SUPPLIED RECORDS:
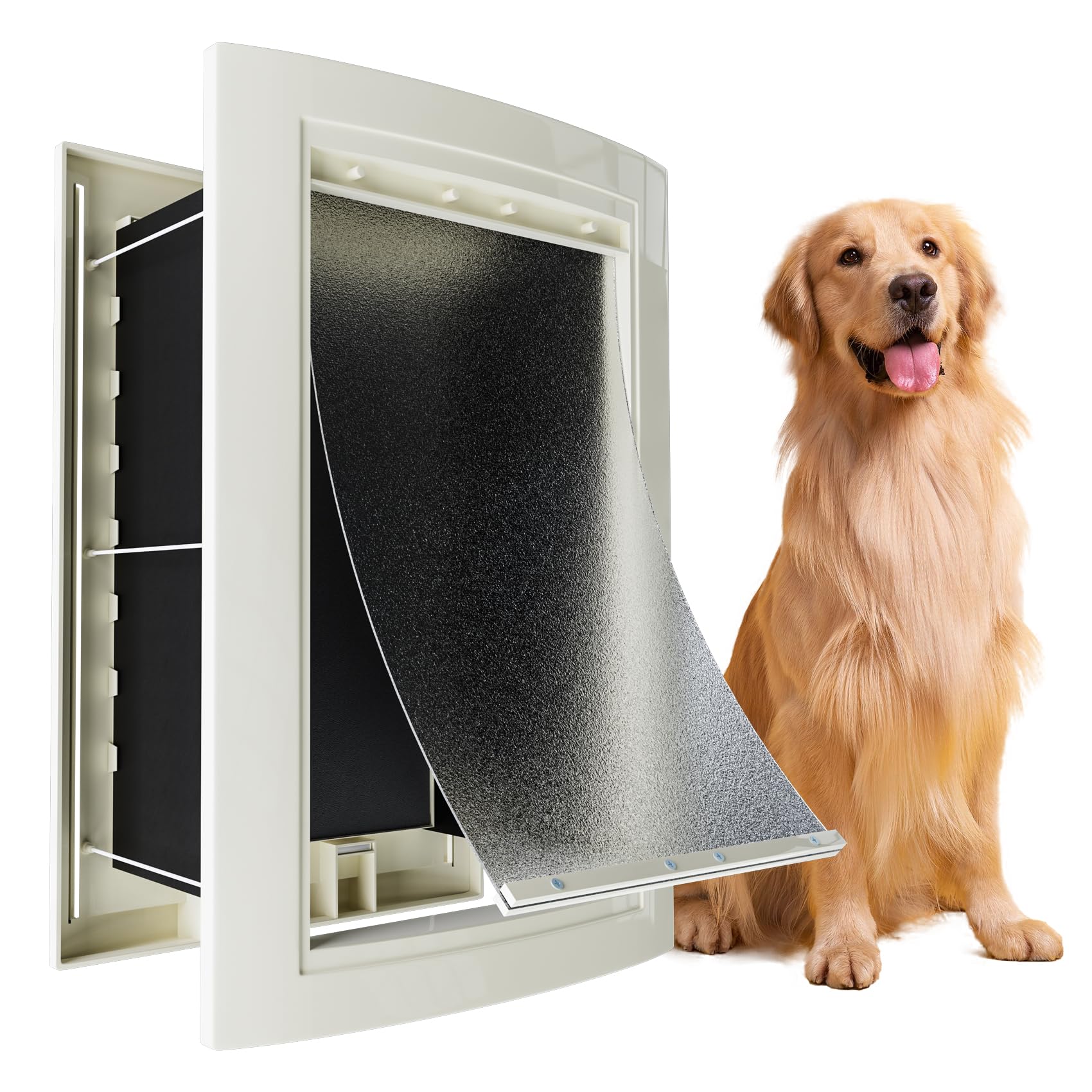 mestyl Puerta para perro para pared, puerta de mascotas, puerta para perro con túnel telescópico, solapas magnéticas dobles y pane
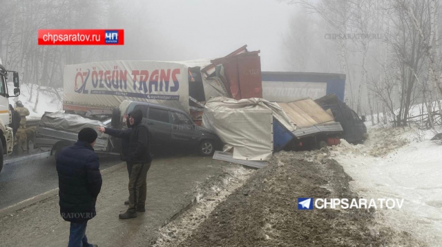 Массовую аварию на федеральной автодороге Сызрань-Саратов спровоцировал занос прицепа грузовика в условиях тумана.
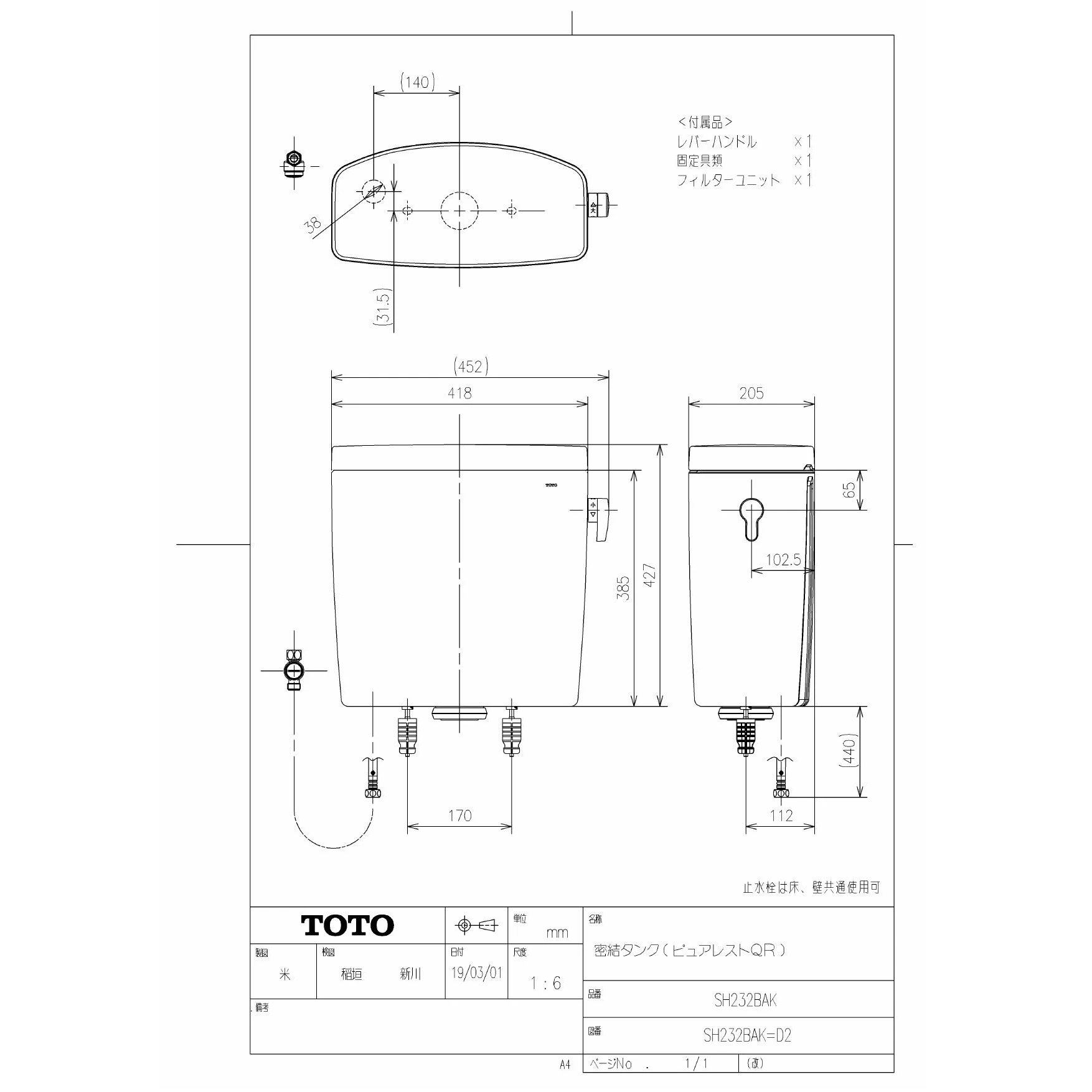 SH233BAK 手洗付密結タンク取扱説明書
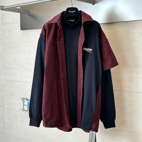 Balenciaga Early Spring Check Patchwork Long Sleeve Shirt 발렌시아가 얼리 스프링 체크 패치워크 롱슬리브 셔츠 |
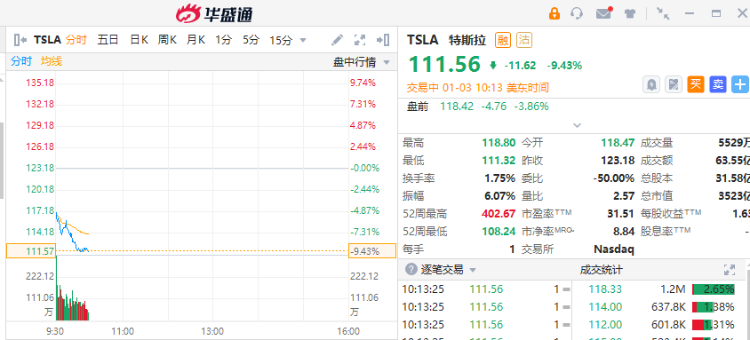 华盛资讯1月3日消息,美股三大股指悉数转跌,截止北京时间23:11,纳斯达克指数跌0.42%,标普500指数跌0.29%,道琼斯指数跌0.18%;特斯拉大跌9.43%,报111.56美元,逼近上月末创下的2020年9月以来新低。
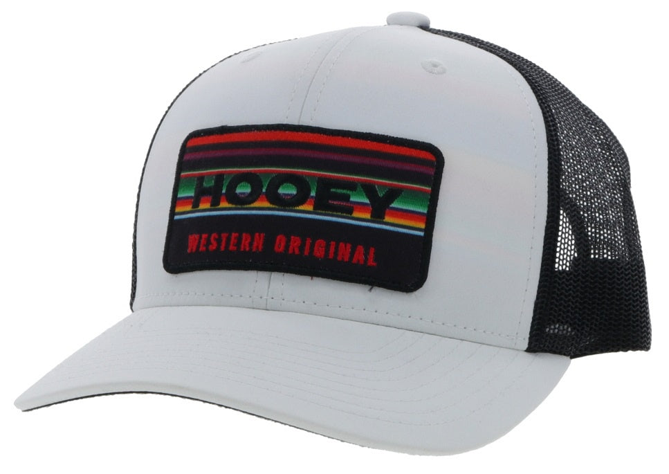 Hooey – Casquette Horizon Blanche – Trucker 6 Panneaux – Patch Rectangulaire Serape/Noir 2335T-WH
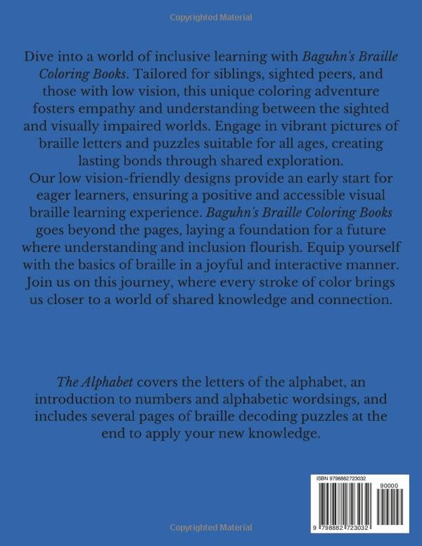 The first paperback book in this series, “The Alphabet” includes open dot images of all 26 letters, the capital indicator, the comma, the period, an introduction to numbers, and the 23 alphabetic wordsigns. Adding your own touch to the playful images gives time to enhance long term learning. Alphabetic wordsigns are the first family of contractions, a form of shorthand used in braille. Instructional pages are interspersed throughout, and contractions are repeated on letter pages. Color the dots of every braille letter in the book to help cement them in memory, and find you’ll be able to easily decode secret braille sentences pictured by the end of the book. Blanks are provided to write each letter of the brailled words above the puzzle pages for errorless learning. Inclusive Learning: Tailored for siblings of blind children, sighted classmates, and those with low vision who may need braille in the future, Baguhn's Braille Coloring Books create a parallel learning experience for sighted children, fostering curiosity and appreciation. This coloring book is flat, does not contain any embossed braille or tactile components.
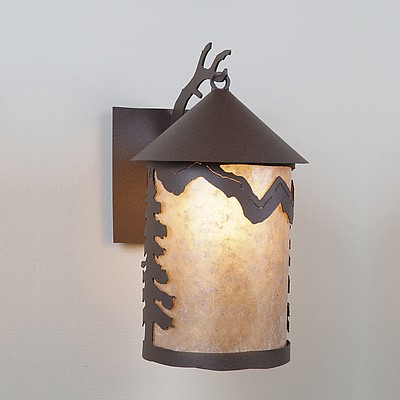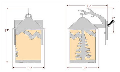 The Cascade Lantern Sconce Large - Rustic Plain features a steel branch holding up a 8 inch round cylinder with a cone top and a shade diffuser choice of color between Almond or Amber mica. Mountains are on the front and spruce trees are on either side of the cylinder. Attaches to wall with a 4.5 inch square pan. Hardwire only. Suitable for interior and exterior locations. This rustic wall light is ideal for bringing rustic lighting to any log home, cabin or northwood-themed room.

EXERCISE REQUIREMENTS: The data above should be repeated exactly, minus any pictures.

THE ANSWER:
 mestyl Puerta para perro para pared, puerta de mascotas, puerta para perro con túnel telescópico, solapas magnéticas dobles y pane
 Массовую аварию на федеральной автодороге Сызрань-Саратов спровоцировал занос прицепа грузовика в условиях тумана.
 SH233BAK 手洗付密結タンク取扱説明書
 Balenciaga Early Spring Check Patchwork Long Sleeve Shirt 발렌시아가 얼리 스프링 체크 패치워크 롱슬리브 셔츠 |
 华盛资讯1月3日消息,美股三大股指悉数转跌,截止北京时间23:11,纳斯达克指数跌0.42%,标普500指数跌0.29%,道琼斯指数跌0.18%;特斯拉大跌9.43%,报111.56美元,逼近上月末创下的2020年9月以来新低。
 Hooey – Casquette Horizon Blanche – Trucker 6 Panneaux – Patch Rectangulaire Serape/Noir 2335T-WH
 The first paperback book in this series, “The Alphabet” includes open dot images of all 26 letters, the capital indicator, the comma, the period, an introduction to numbers, and the 23 alphabetic wordsigns. Adding your own touch to the playful images gives time to enhance long term learning. Alphabetic wordsigns are the first family of contractions, a form of shorthand used in braille. Instructional pages are interspersed throughout, and contractions are repeated on letter pages. Color the dots of every braille letter in the book to help cement them in memory, and find you’ll be able to easily decode secret braille sentences pictured by the end of the book. Blanks are provided to write each letter of the brailled words above the puzzle pages for errorless learning. Inclusive Learning: Tailored for siblings of blind children, sighted classmates, and those with low vision who may need braille in the future, Baguhn's Braille Coloring Books create a parallel learning experience for sighted children, fostering curiosity and appreciation. This coloring book is flat, does not contain any embossed braille or tactile components.
 The Cascade Lantern Sconce Large - Rustic Plain features a steel branch holding up a 8 inch round cylinder with a cone top and a shade diffuser choice of color between Almond or Amber mica. Mountains are on the front and spruce trees are on either side of the cylinder. Attaches to wall with a 4.5 inch square pan. Hardwire only. Suitable for interior and exterior locations. This rustic wall light is ideal for bringing rustic lighting to any log home, cabin or northwood-themed room.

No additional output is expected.